SBA Unleashes Deregulation Drive, Rolls Out New Credit for U.S. Manufacturers

U.S. Small Business Administration

WASHINGTON, D.C. — The U.S. Small Business Administration has launched a sweeping new effort to strip away federal regulations it says have driven up costs for small businesses, while simultaneously approving the first loans under a new credit program aimed at fueling a resurgence in American manufacturing.

The SBA announced December 15 that it has formed a Deregulation Strike Force dedicated to identifying and eliminating what it describes as excessive Biden-era regulations that have disproportionately burdened small businesses and consumers. Led by the SBA’s Office of Advocacy, the initiative will operate across federal agencies to target rules affecting industries including housing, healthcare, agriculture, energy, transportation, and construction.

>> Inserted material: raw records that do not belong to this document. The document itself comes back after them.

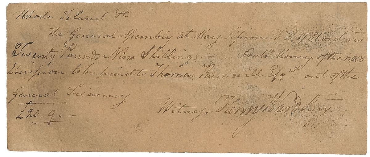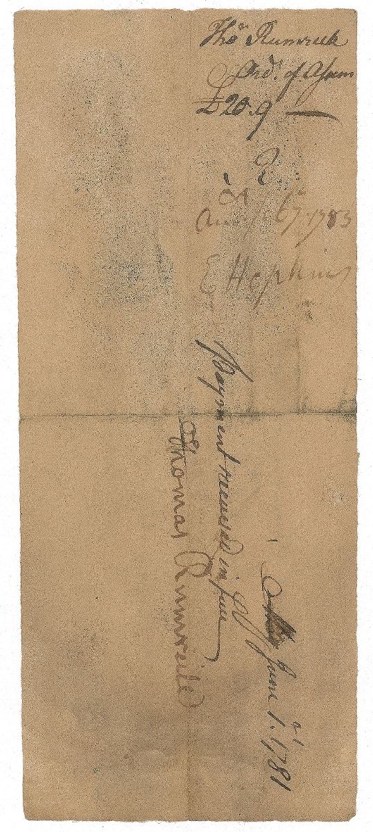 Famed Rhode Island commodore (1718—1802) who served as Commander in Chief of the Continental Navy during the American Revolutionary War. Manuscript DS, signed “E. Hopkins,” one page both sides, 6.25 x 2.5, June 1, 1781. Receipt of payment for “Twenty Pounds Nine Shillings…to be paid to Thomas Rumville Esq. out of the General Treasury.” Signed on the reverse by Hopkins, who dates the receipt to 1783. In very good condition, with moderate overall soiling and Hopkins’ signature a bit light.
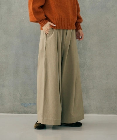 ゆったりとしたシルエットながらハイウエストのため、短めのトップスを合わせたりタックインをしてウエスト周りをすっきりさせれば脚長効果も叶います。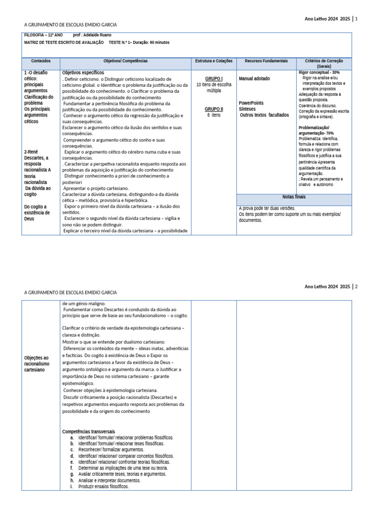 cético: . Definir ceticismo. o Distinguir ceticismo localizado de GRUPO I Manual adotado Rigor na análise e/ou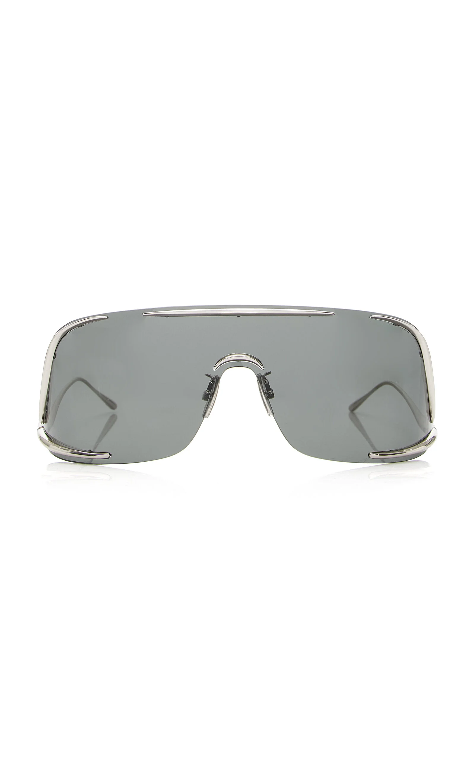 Handcrafted from the highest quality materials, Loewe's eyewear blends vintage inspiration with modern sensibilities. The 'Shield' sunglasses have are made from lightweight metal with smoke grey lenses. PRODUCT DETAILS - Composition: metal - Designer color: Shiny Palladium/ Smoke - 100% UVA/ UVB protection - Made in Italy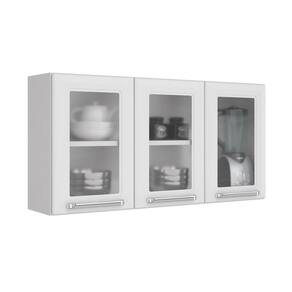 Kit Balcão Preto c/ Armário Aéreo 3 Portas 3 Vidros Branco e 1 Armário Aéreo 1 Porta Horizontal Branco
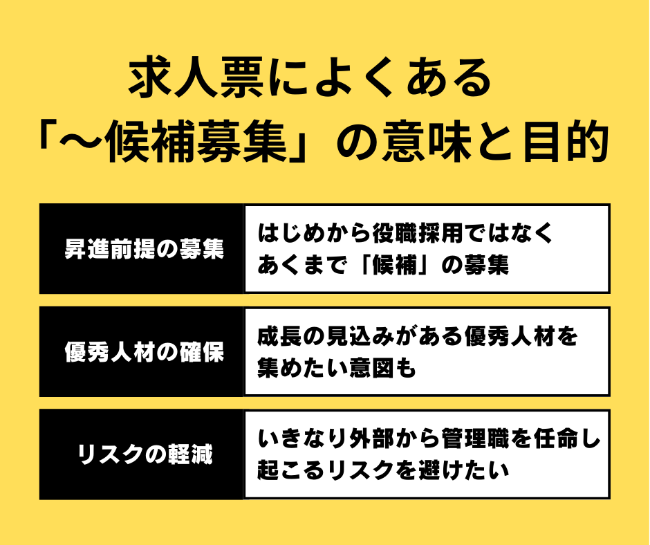 この「候補」としての採用は、いきなりの役職採用ではなく企業に深く貢献できるポテンシャルのある人材を求めていることを意味しているケースがほとんどです。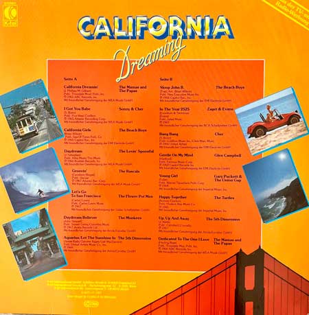 На стороні A платівки сяють такі сингли, як The Mamas And The Papas – California Dreamin’ (1965), що зачаровує гармоніями, та Sonny & Cher – I Got You Babe (1965), сповнений романтики. The Beach Boys – California Girls (1965) і The Monkees – Daydream Believer (1967) додають сонячного настрою, а The 5th Dimension – Aquarius / Let The Sunshine In (1969) заряджає енергією миру.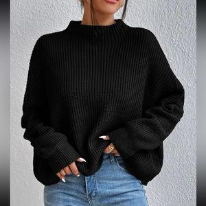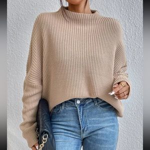 Cozy Oversized Mock Neck Long Sleeve Ribbed Knit Sweater Top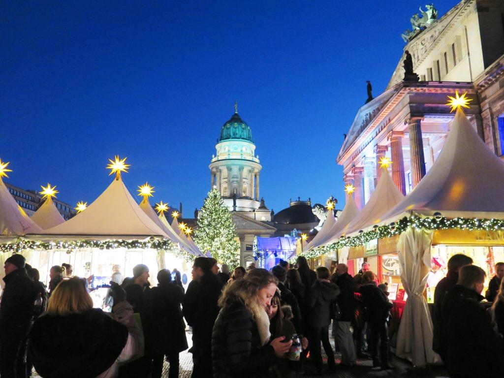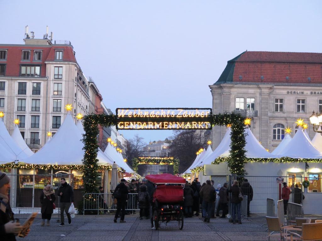 Berlin’in birçok yerinde Noel pazarı kuruluyor ama en güzelinin Gendarmenmarkt‘daki olduğu söyleniyor. Diğer pazarların aksine buradaki standlar ahşap değil, beyaz çadırlar şeklinde. Bazı pazarlara giriş ücreti istenebiliyor, 1-2 euro gibi. Gendarmenmarkt Noel pazarı’na da 1 euro karşılığında girmiştik.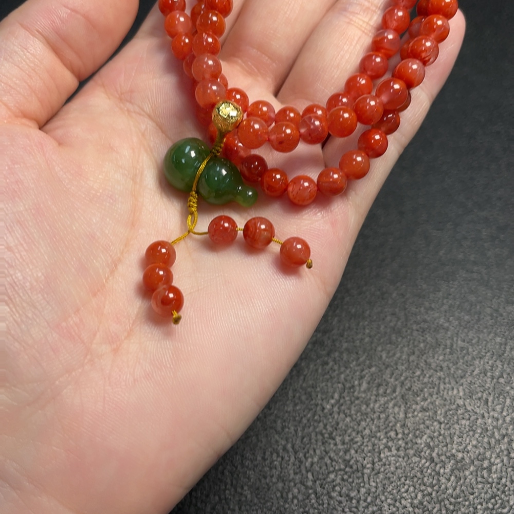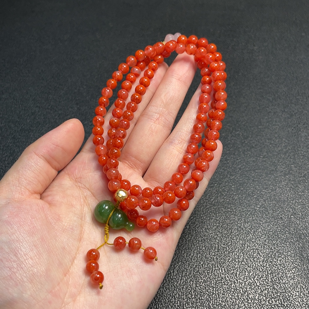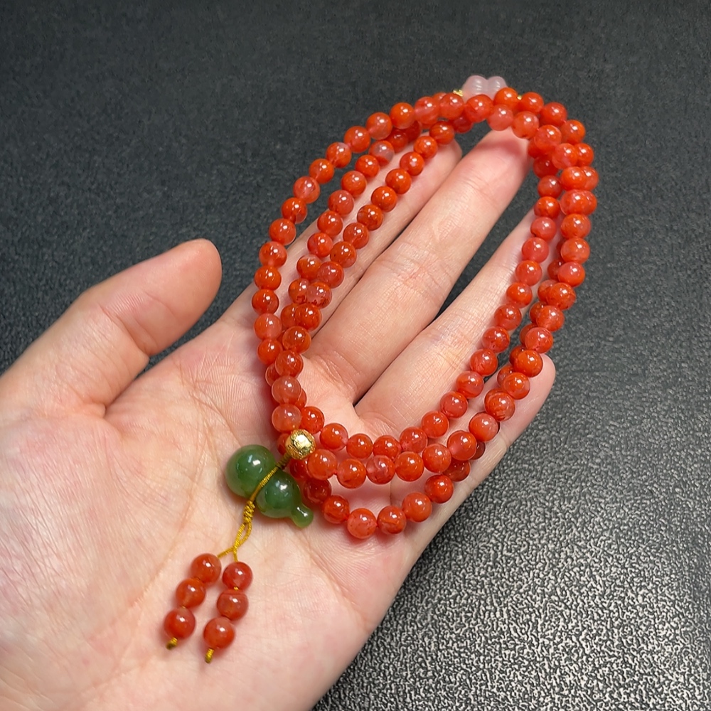 Red Agate Bead Bracelet with Hetian Jade, Non-Gold, Visible Organic Matter, Total Weight Approx. 36.67g, Size About 5.8mm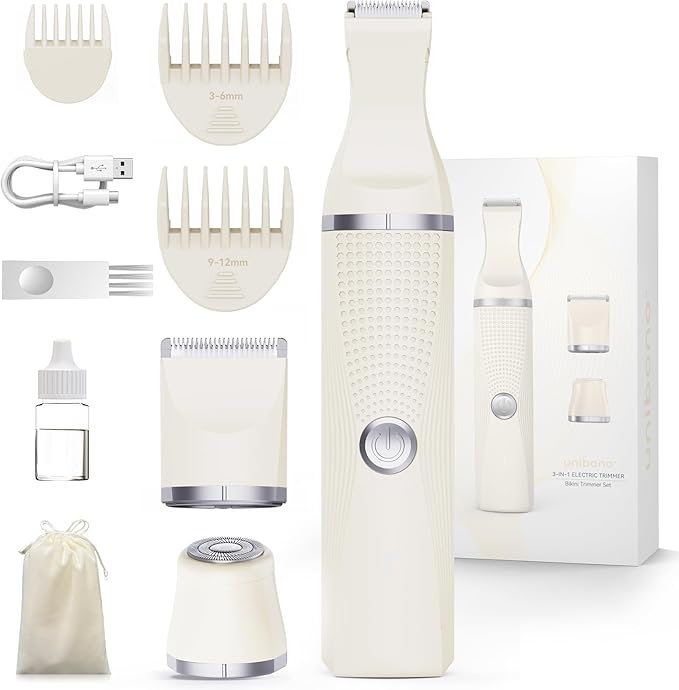 3-in-1 Electric Razor for Women - Waterproof Bikini Trimmer,Rechargeable Electric Shaver for Lady,Pubic Hair Trimmer Women,Personal Trimmer Groomer for Body Hair (Cream, LY)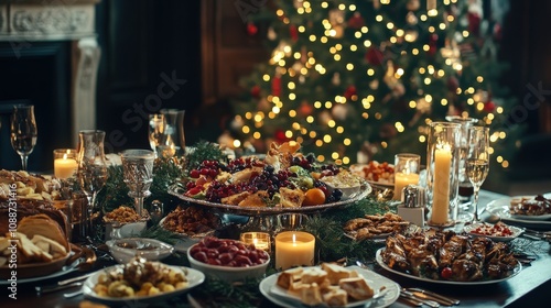 Naklejka premium Festive Christmas Table Setting with Abundant Food and Decorations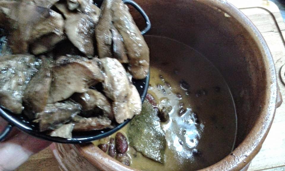 y removemos dando movimientos circulares a la olla con las manos, para evitar que se nos rompan las alubias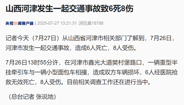 记者今天(7月27日)从山西省河津市相关部门了解到,7月26日,河津市发生一起交通事故,造成6人死亡,8人受伤。7月26日13时55分许,在河津市鑫光大道樊村堡路口,一辆重型半挂牵引车与一辆小型面包车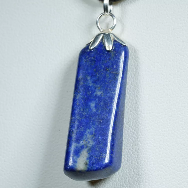 Naturalny lapis lazuli z Afganistanu, wypolerowany na całej powierzchni w formie gładkiego otoczaka. Kamień wyróżnia się intensywnym, naturalnym, niedobarwianym odcieniem niebieskiego. Zaczepka jest metalowa i posrebrzana, dzięki czemu wisiorek jest gotowy do zawieszenia na łańcuszek lub rzemień.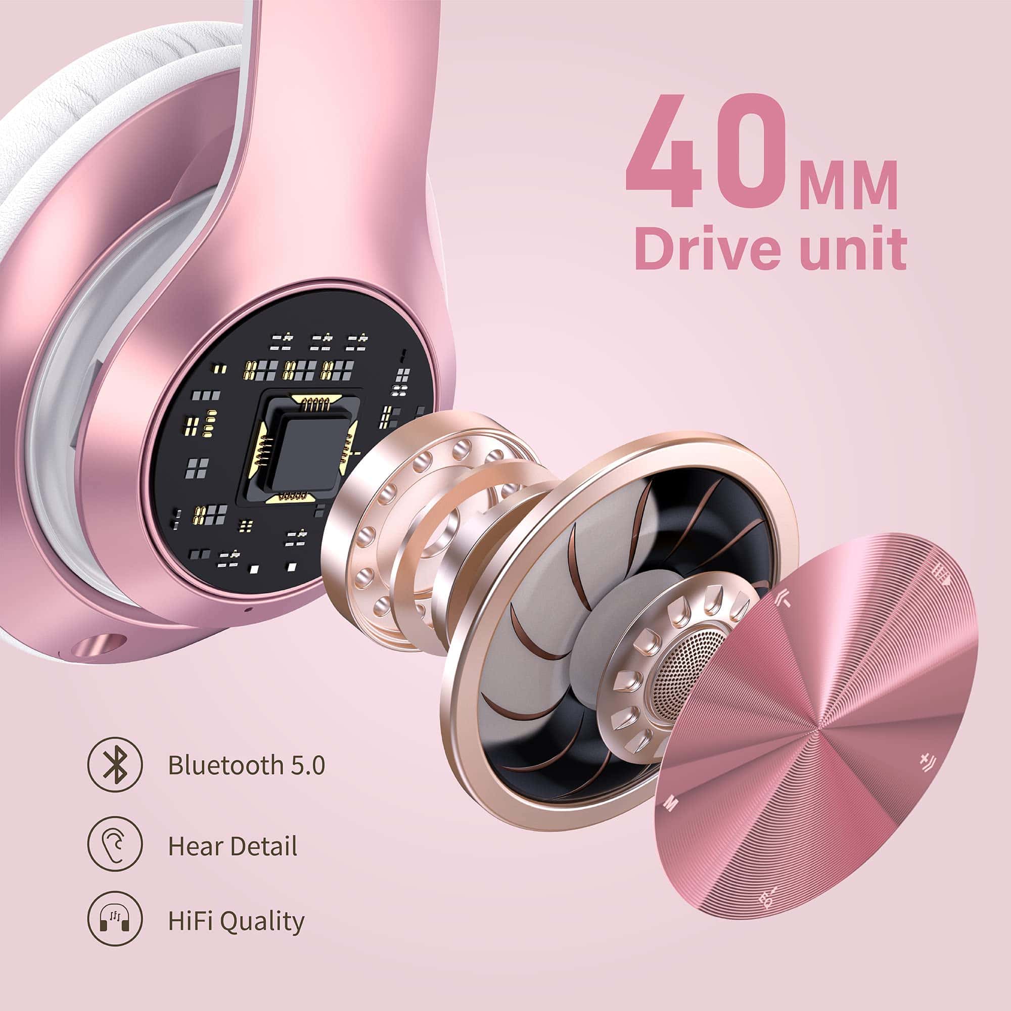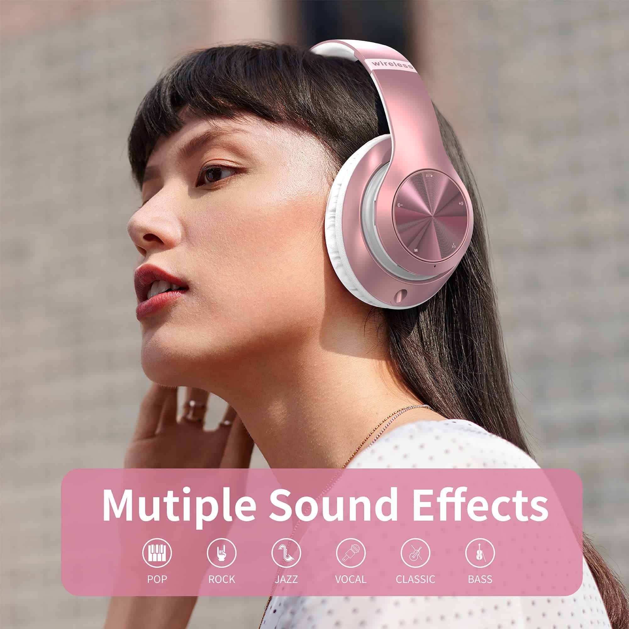 1. HI-FI ESTÉREO Y 6 MODOS DE EQ Nuestros audífonos Bluetooth Over-Ear ofrecen resultados de sonido estéreo de alta fidelidad provenientes de dos drivers de 40 mm y un diseño de almohadillas para los oídos, que combinados ofrecen una calidad de sonido HiFi inmersiva superior. Con 6 modos de EQ, que te permiten cambiar libremente entre sonidos de bajo/Jazz/Voz/Rock/Pop/Clásico, cada modo te proporciona un sonido de calidad de CD.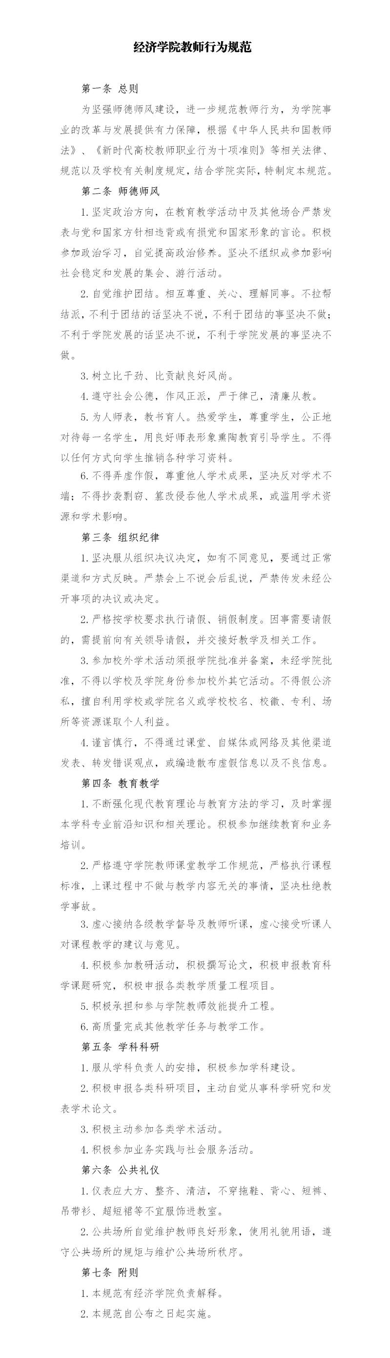 经济学院教师行为规范

SBA Administrator Kelly Loeffler said the initiative is designed to counter regulatory growth that she said contributed to elevated inflation and rising costs during the previous administration. She said the strike force will use the agency’s statutory authority to challenge and roll back regulations deemed costly, duplicative, or unnecessary for small business compliance.

The SBA cited estimates from the Committee to Unleash Prosperity indicating that regulations imposed during the Biden administration generated roughly $6 trillion in cumulative costs and added hundreds of hours of paperwork per job creator. The agency said those burdens intensified price pressures that peaked at four-decade highs in 2024.

Under federal law, the SBA is the only cabinet-level agency empowered to formally review and contest regulations that affect small businesses. The Office of Advocacy will solicit direct feedback from business owners while conducting a government-wide review of regulations issued over the past four years. The effort builds on actions the agency says have already eliminated nearly $100 billion in regulatory costs since President Donald Trump returned to office, contributing to total estimated savings approaching $200 billion.

Days later, on December 17, the SBA announced the approval of its first Manufacturers’ Access to Revolving Credit loans, marking the debut of the agency’s first loan program dedicated exclusively to manufacturers. The initial round delivered $3.5 million in working capital to four companies operating in manufacturing sectors classified under NAICS codes 31 through 33.

The new MARC loan program provides flexible revolving credit designed to meet a wide range of operational needs, from equipment purchases to inventory and payroll. Early approvals included a $1.5 million line of credit for a welding and fabrication business and a $250,000 facility for a porcelain enamel manufacturer. The loans were issued through community and regional banks.

Loeffler said the program is intended to support small manufacturers as domestic production expands amid a renewed focus on reshoring supply chains. She said the loans complement existing SBA 7(a) and 504 programs and can be paired with conventional financing.

The MARC initiative is part of the SBA’s broader Made in America Manufacturing Initiative, which includes waived loan fees for manufacturers in fiscal year 2026, expanded loan limits, workforce development efforts, and a new online portal designed to connect businesses with domestic suppliers.

Together, the deregulation push and new credit program signal an aggressive shift in federal small business policy, pairing regulatory rollback with targeted financial support as the administration presses its agenda to cut costs and accelerate domestic industrial growth.